Ni kutosikia kulisababisha
It is stubbornness that caused this.

Mungu katokea, kawateketeza.
God appeared and destroyed them. 

People gather around the kiosk, and the vendor turns up the volume. Encouraged by the interest of the crowd, the vendor arranges other kwaya tapes in front of the potential customers.

I continue down Maktaba Street, the new Sumbawanga kanda in my pocket, heading toward a rehearsal of Kwaya ya Upendo, and I begin to notice the quantity and variety of kwaya cassettes displayed in other street kiosks.
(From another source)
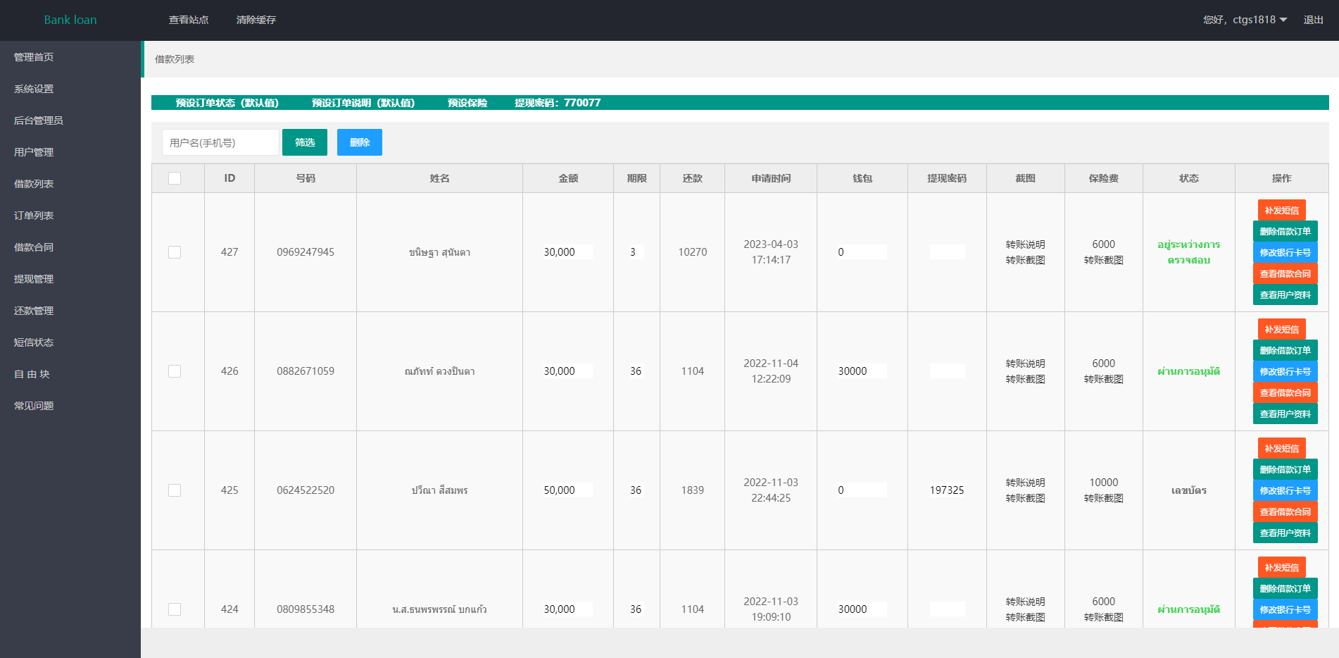 此套是系统别人专门二开的泰国小额贷款系统,系统正常运营

I open my ears, shifting beyond the sounds of the urban activity, and I am surrounded by vendors selling bags, used clothing, newspapers, and candy-- many with portable stereos blasting kwaya music to their patrons. For the first time I consciously become aware that kwaya music is indeed a form of Tanzanian popular music. 

Introduction 

Tanzanian Kwaya Music is an emerging form of popular music in East Africa. While kwaya music has flourished in Tanzania since the initial "evangelical encounter" in the late nineteenth century by European missionaries, it has only recently responded to the growing nationalism of a developing country by contributing to the popular music market. Three interactive aspects demonstrate the new authority assumed by popular kwaya music:

  • Kwayas--the musics they sing
  • Kandas--the audio cassettes they record and produce
  • Kiosks--the outlet most often used for selling kandas.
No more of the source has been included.